* **SOURCE MATERIAL**:

::::::::

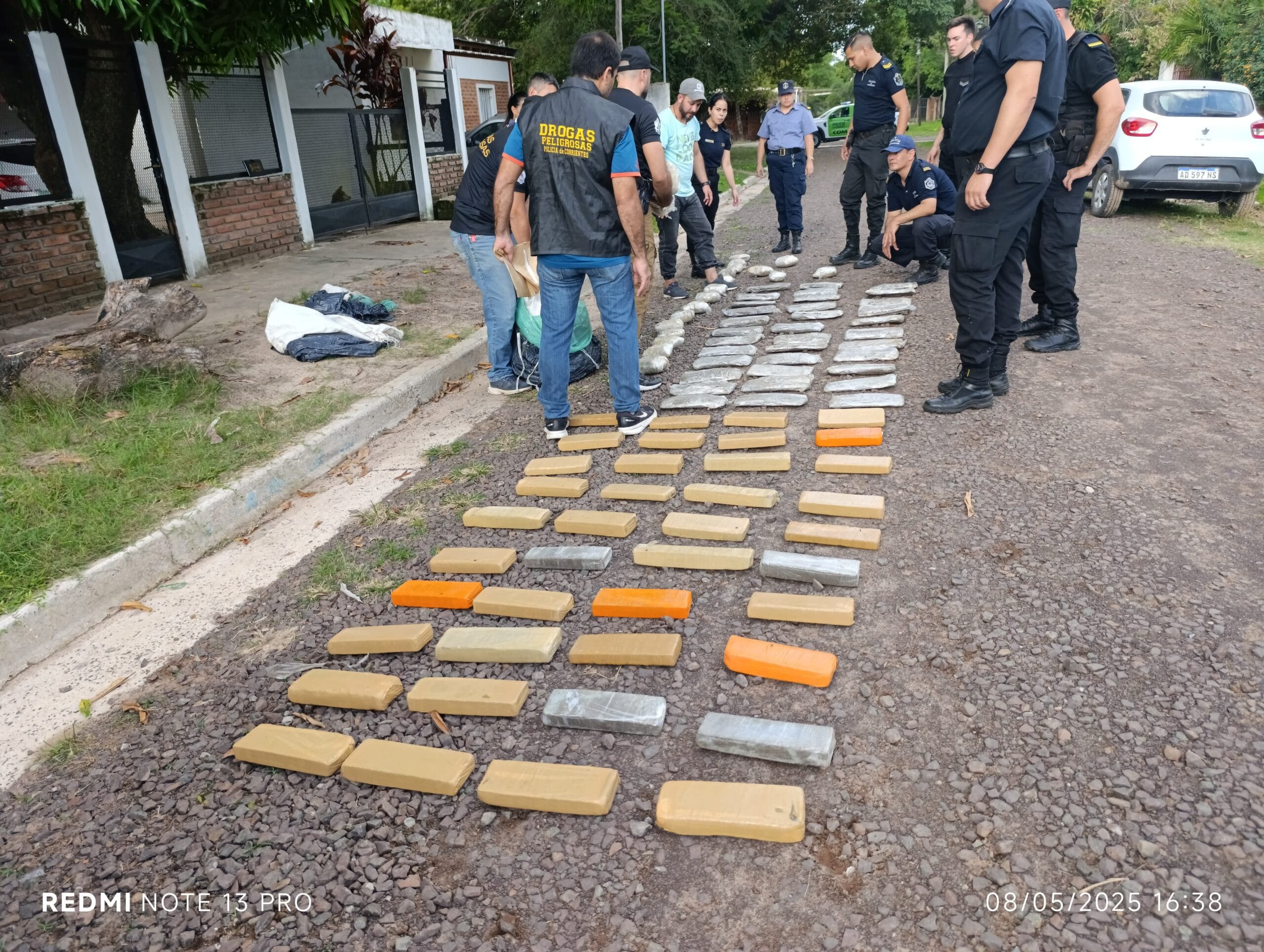 A partir de ello, con la previa autorización de las autoridades judiciales federales en turno, procedieron a verificar el mismo, logrando determinar que se trataría de 4 bultos grandes conteniendo en su interior 117 envoltorios de sustancia de origen vegetal, por lo que se solicitó la valiosa colaboración de personal de la Dirección General de Drogas Peligrosas y Crimen Organizado de la Policía de Corrientes, quienes efectuaron el correspondiente “narcotest”; el cual arrojó positivo para marihuana, dando un total aproximado de casi 80 kilogramos.
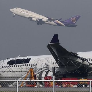 "Tras aterrizar en el aeropuerto de Suvarnabhumi falló el tren de aterrizaje e hizo que el aparato se saliera de la pista", dijo el presidente de Thai Airways, Sorajak Kasemsuvan, en una declaración. "Se notaron chispas en la vecindad de la parte derecha del tren de aterrizaje cerca del motor; el asunto es investigado".
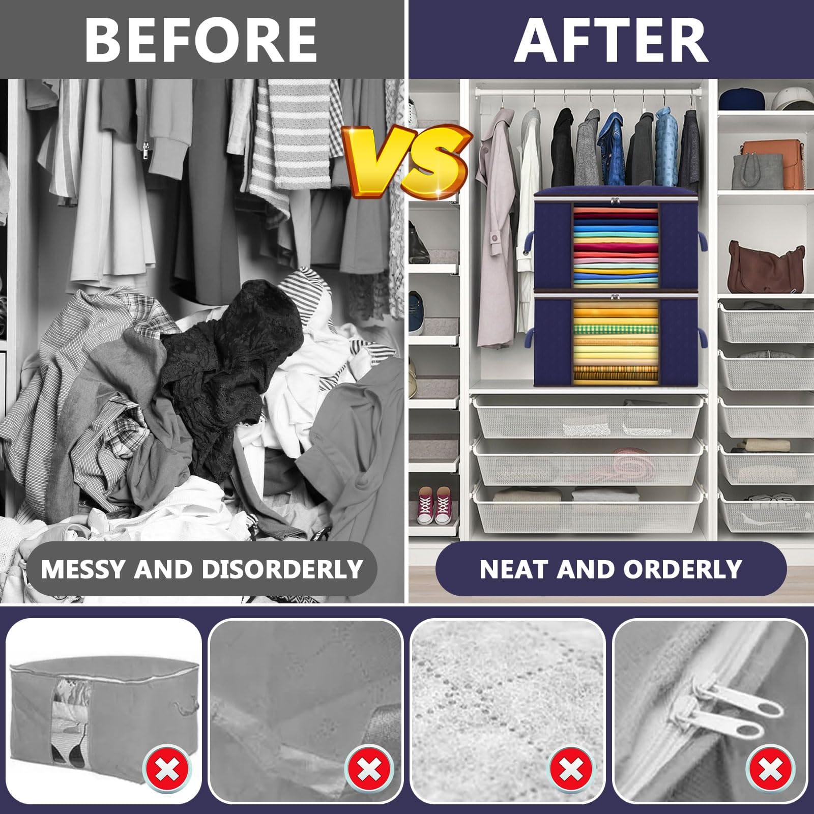 100% Safe for All Items - Won't damage expensive clothes or important items. Stronger than normal cloth storage boxes.
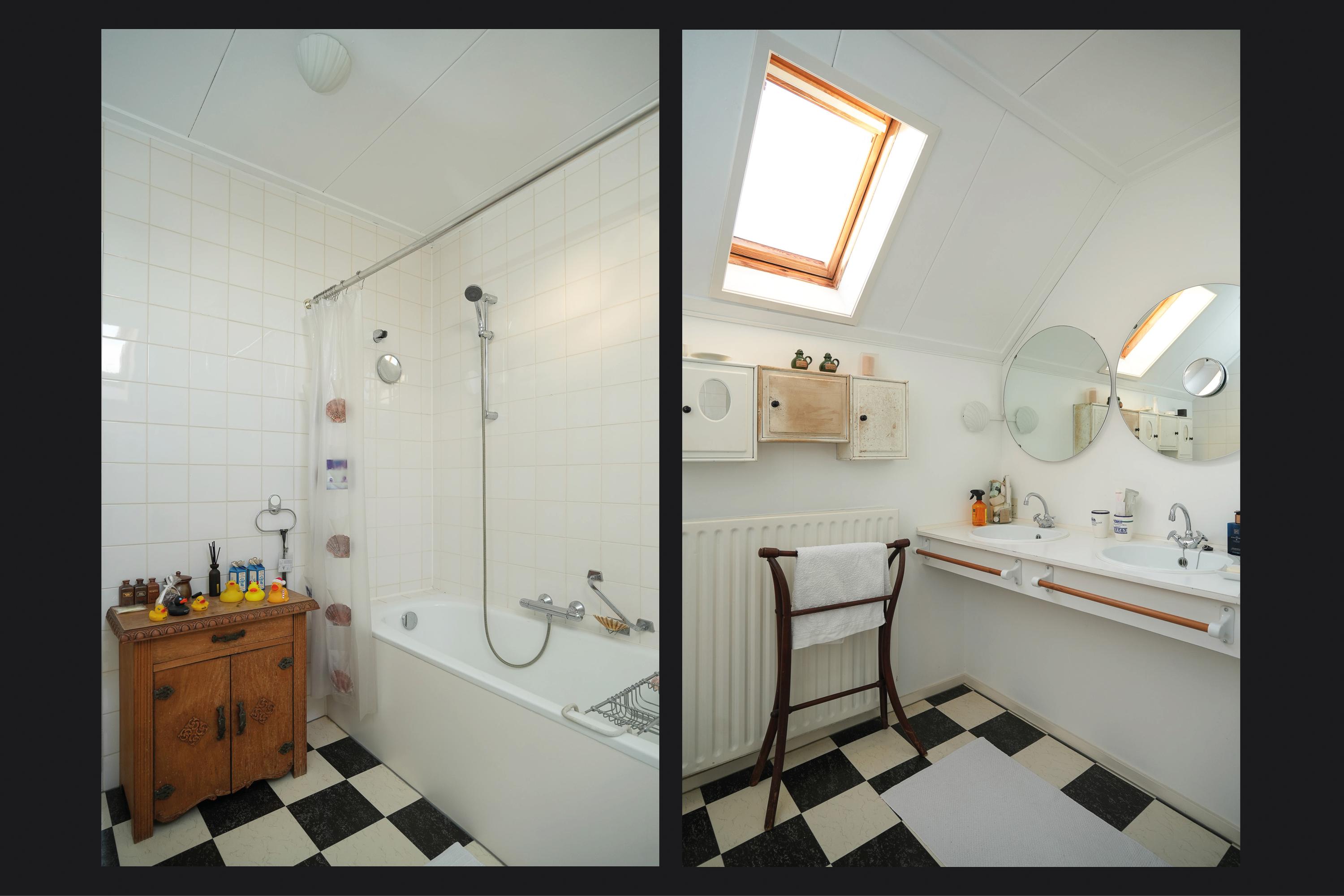 Royale open ruimte met pantry onder de geïsoleerde kap in het achterhuis en twee slaapkamers en een tweede badkamer in het voorhuis op de eerste verdieping.

::::::::

From the line with "aterrizar en el" through the end of the listing, write out every line exactly, leaving out the pictures.

 "Tras aterrizar en el aeropuerto de Suvarnabhumi falló el tren de aterrizaje e hizo que el aparato se saliera de la pista", dijo el presidente de Thai Airways, Sorajak Kasemsuvan, en una declaración. "Se notaron chispas en la vecindad de la parte derecha del tren de aterrizaje cerca del motor; el asunto es investigado".
 100% Safe for All Items - Won't damage expensive clothes or important items. Stronger than normal cloth storage boxes.
 Royale open ruimte met pantry onder de geïsoleerde kap in het achterhuis en twee slaapkamers en een tweede badkamer in het voorhuis op de eerste verdieping.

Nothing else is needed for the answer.